• _Problem description_
Retype the whole listing, please, keeping every line exact and dropping the pictures.

=== Recorded data ===

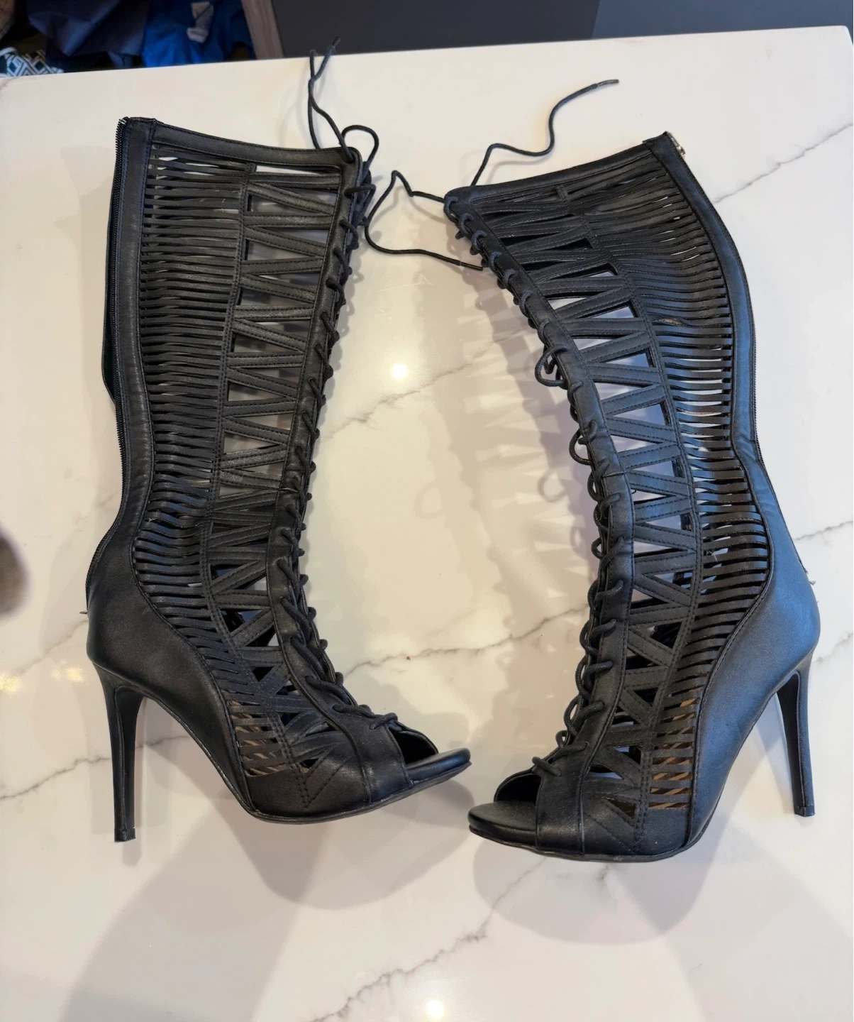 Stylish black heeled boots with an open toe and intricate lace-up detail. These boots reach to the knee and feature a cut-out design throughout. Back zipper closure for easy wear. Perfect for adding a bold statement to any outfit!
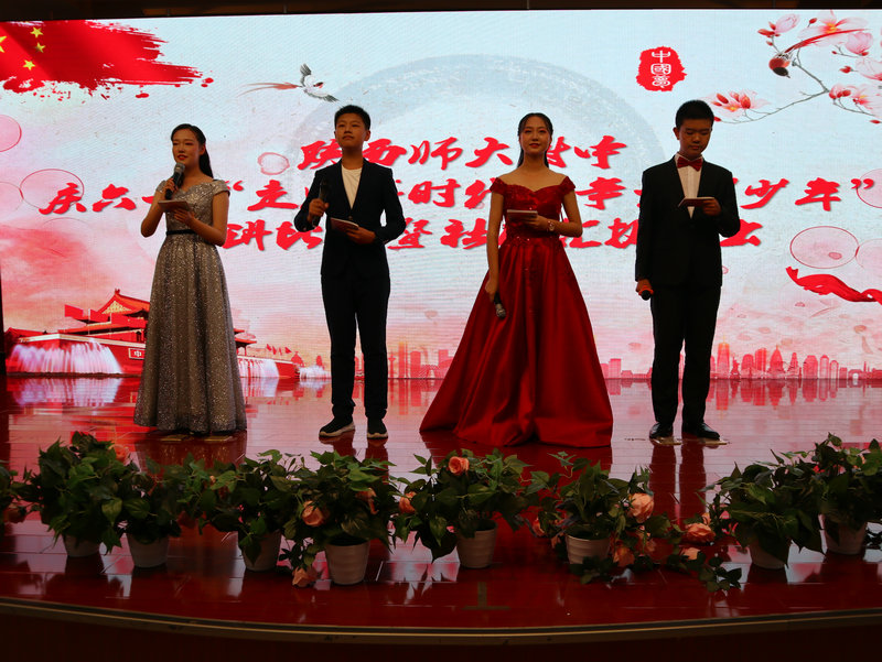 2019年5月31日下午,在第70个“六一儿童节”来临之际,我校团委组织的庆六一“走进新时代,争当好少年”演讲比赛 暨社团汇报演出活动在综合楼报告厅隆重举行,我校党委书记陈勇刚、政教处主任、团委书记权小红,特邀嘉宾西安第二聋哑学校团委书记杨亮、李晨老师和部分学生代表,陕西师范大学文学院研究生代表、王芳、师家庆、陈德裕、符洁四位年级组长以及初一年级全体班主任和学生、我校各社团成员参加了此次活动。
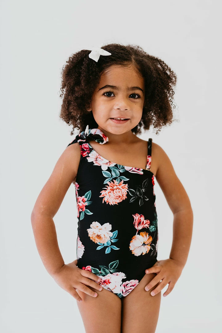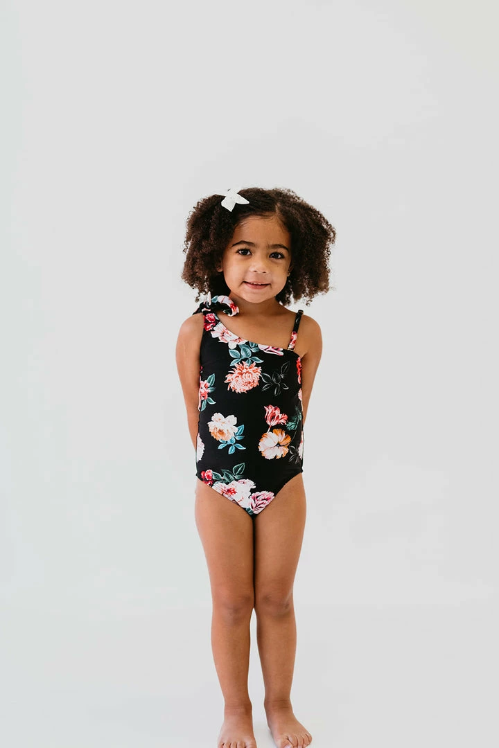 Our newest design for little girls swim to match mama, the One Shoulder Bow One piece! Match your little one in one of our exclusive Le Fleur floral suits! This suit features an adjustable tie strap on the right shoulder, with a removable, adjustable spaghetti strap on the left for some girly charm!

===

• _Solution_
 Stylish black heeled boots with an open toe and intricate lace-up detail. These boots reach to the knee and feature a cut-out design throughout. Back zipper closure for easy wear. Perfect for adding a bold statement to any outfit!
 2019年5月31日下午,在第70个“六一儿童节”来临之际,我校团委组织的庆六一“走进新时代,争当好少年”演讲比赛 暨社团汇报演出活动在综合楼报告厅隆重举行,我校党委书记陈勇刚、政教处主任、团委书记权小红,特邀嘉宾西安第二聋哑学校团委书记杨亮、李晨老师和部分学生代表,陕西师范大学文学院研究生代表、王芳、师家庆、陈德裕、符洁四位年级组长以及初一年级全体班主任和学生、我校各社团成员参加了此次活动。
 Our newest design for little girls swim to match mama, the One Shoulder Bow One piece! Match your little one in one of our exclusive Le Fleur floral suits! This suit features an adjustable tie strap on the right shoulder, with a removable, adjustable spaghetti strap on the left for some girly charm!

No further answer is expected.